Deferred Gratification

Big developments in our hoursehold. We got broadband. I've been salivating over the idea for two years. It will solve so many of the inconviences for me. That and the accompanying WIFI connection that is supposed to allow me to access the home network from my room with my laptop. We got hooked up Thursday but have been unable to get the home network to recognize my laptop as part of the network. My husband's work hours have prevented him from resolving the issue. So I spent the last two days trying to resolve it myself, using help files, troubleshooters and online help. I'v gotten an education in internet and local area network connectivity but I haven't solve it yet. Though I do think I pinpointed the nature of the problem.

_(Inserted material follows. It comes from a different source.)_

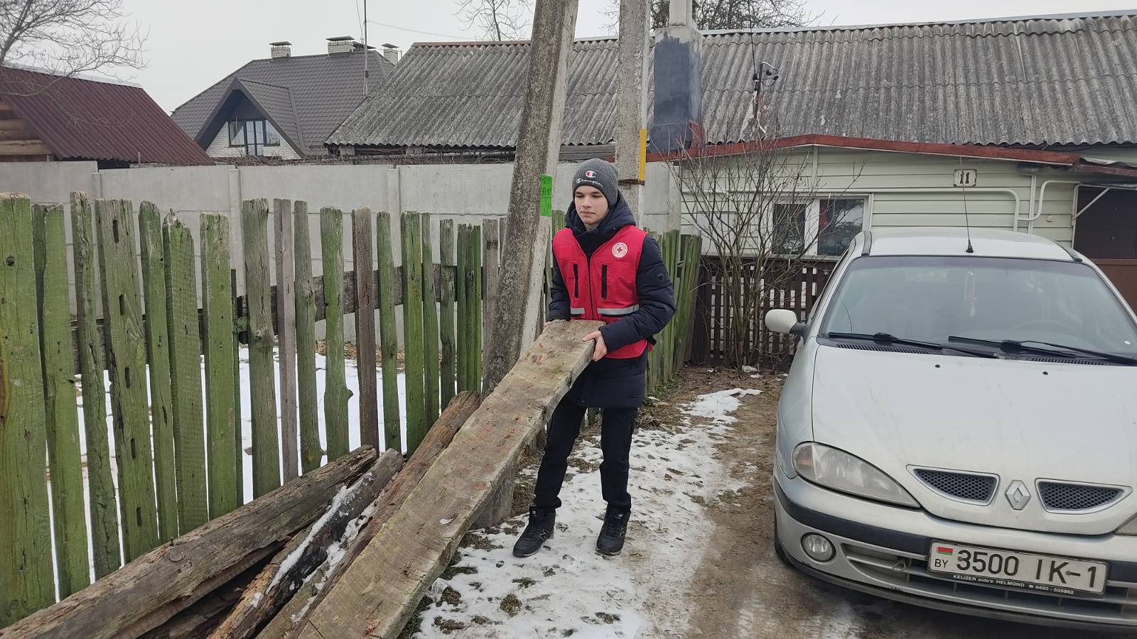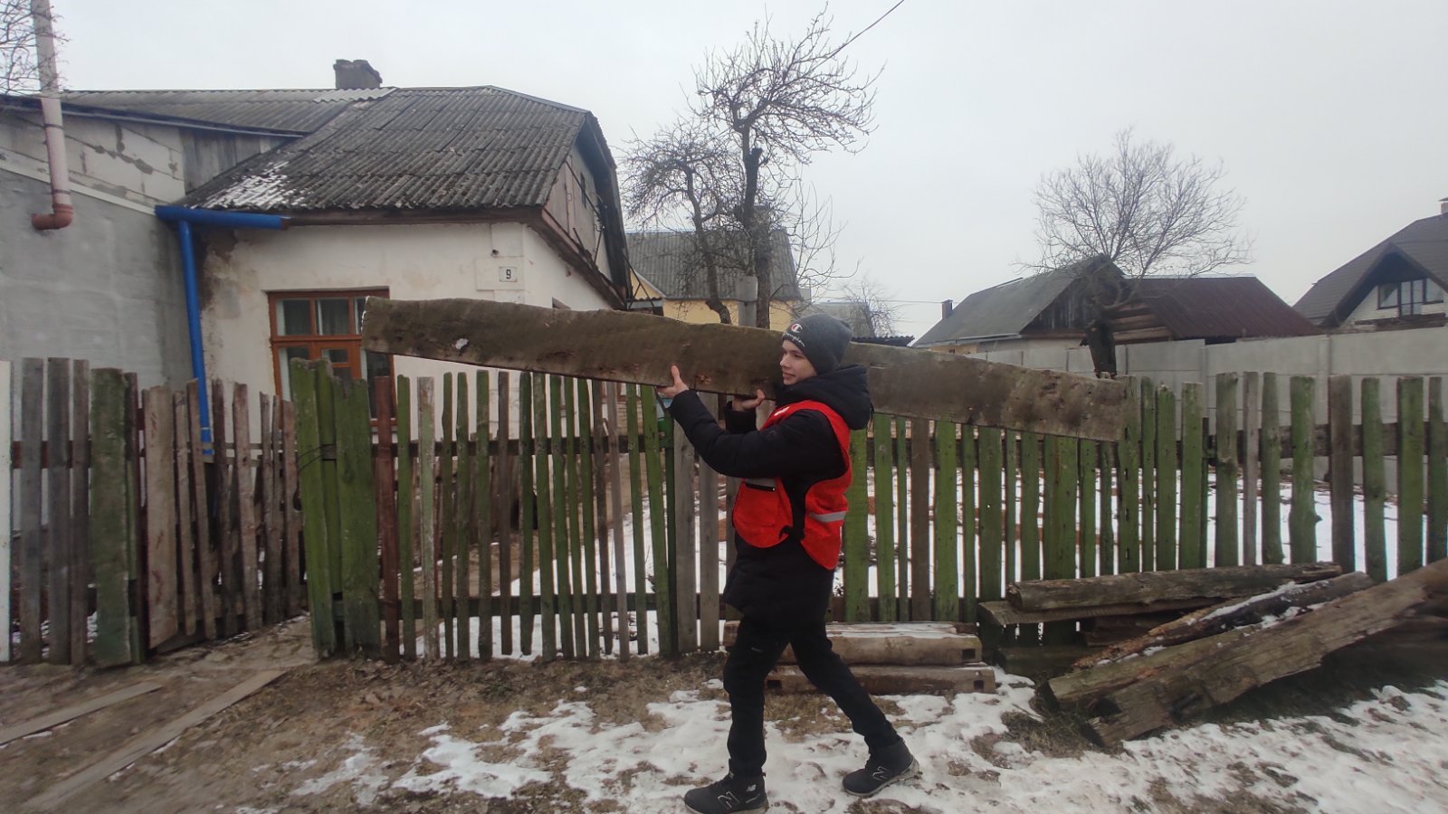 10 февраля наши ребята - волонтёры Красного Креста оказали помощь пожилой женщине - инвалиду первой группы Бертош В.В. в переносе досок и брёвен.

I haven't been posting or doing any of my other work since Thursday evening and now it is time to get ready to go to Grandma's for my Saturday night sleepover. I'm taking my laptop with me so my husband won't be able to do anything until I get home tomorrow afternoon. Not that he would have much time for it before than anyway. He is working this morning and going to the races from there and won't be home until near midnight anyway. He was impressed by what I did because even though I didn't solve it, I eliminated a lot of possibilities that he would have had to test for. Now he is going to call the tech service as his next step instead of spending more time trying to sort it out himself. He would have done that this morning if he hadn't had to work.

I am so excited about this development and yet so dissappointed that I can't access the broadband with my laptop yet. I can't wait. I'm going to get so much more done. I won't be tied to the graveyard shift.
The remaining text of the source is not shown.